Compare with Chapter 7: Run both the relative position bias attention (Chapter 7) and RoPE attention on the same input. Which produces stronger local preference? What happens when you increase the sequence length to 20 tokens?
2D RoPE for images: Design a 2D RoPE scheme for a 4×4 image patch grid (16 tokens). Each token has a (row, col) position. Apply separate rotations for row-position and column-position using different frequency bands.
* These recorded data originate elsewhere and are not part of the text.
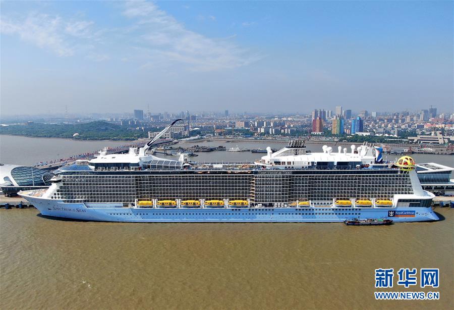 6月3日,“海洋光谱号”邮轮靠泊在上海吴淞口国际邮轮港(无人机拍摄)。 当日,经过为期47天的环球之旅,皇家加勒比邮轮“海洋光谱号”搭载近5000名国际游客靠泊上海吴淞口国际邮轮港,这也是自2011年上海吴淞口国际邮轮港开港以来迎来的第2000艘次母港邮轮。 新华社记者 陈飞 摄
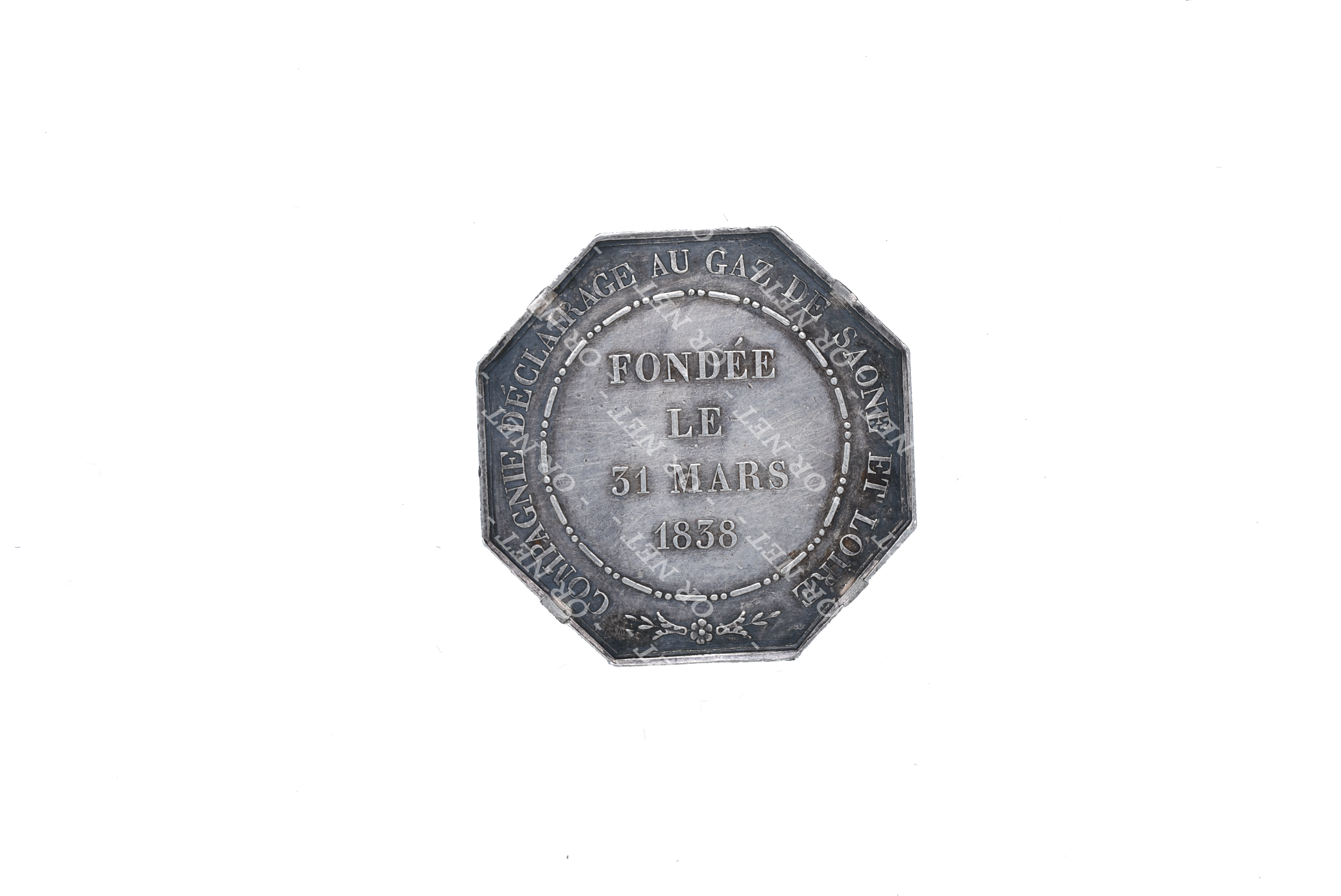 Jeton octogonal en argent de1838 de la Compagnie d’éclairage au gaz, villes de Chalon et Macon.
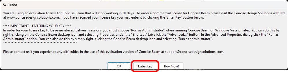 If the Reminder dialog does not appear and you would like to enter a new license key, proceed to the instructions below for How to Update Your License Key in Concise Beam.
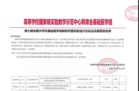 喜报!我校学生在第七届全国大学生基础医学创新研究暨实验设计论坛中取得佳绩
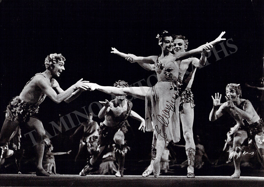 Beautiful black-and-white photograph signed by her, shown in performance in "Walpurgie Night" next to Vladimir Vasiliev. Size is 10 x 8.1 inches, in excellent condition.
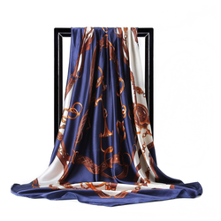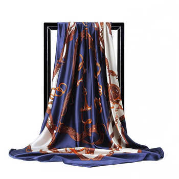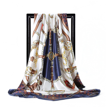 Clásico azul marino blanco oro hebilla cadena estampado satén seda 90cm cuadrado mujer cuello bufanda

What properties does this have compared to 1D RoPE?
References
Su, J., Lu, Y., Pan, S., Murtadha, A., Wen, B., & Liu, Y. (2021). "RoFormer: Enhanced Transformer with Rotary Position Embedding." arXiv:2104.09864.
Vaswani, A., Shazeer, N., Parmar, N., et al. (2017). "Attention Is All You Need." NeurIPS 2017.
Touvron, H., Lavril, T., Izacard, G., et al. (2023). "LLaMA: Open and Efficient Foundation Language Models." arXiv:2302.13971.
bloc97. (2023). "NTK-Aware Scaled RoPE Allows LLaMA Models to Have Extended (8k+) Context Size Without Any Fine-tuning and Minimal Perplexity Degradation." Reddit/r/LocalLLaMA.
Peng, B., Quesnelle, J., Fan, H., & Shippole, E. (2023). "YaRN: Efficient Context Window Extension of Large Language Models." arXiv:2309.00071.
Black, S., Biderman, S., Hallahan, E., et al. (2022). "GPT-NeoX-20B: An Open-Source Autoregressive Language Model." arXiv:2204.06745.
Liu, Z., Oguz, B., Zhao, C., et al. (2024). "World Model on Million-Length Video and Language with RingAttention." arXiv:2402.08268.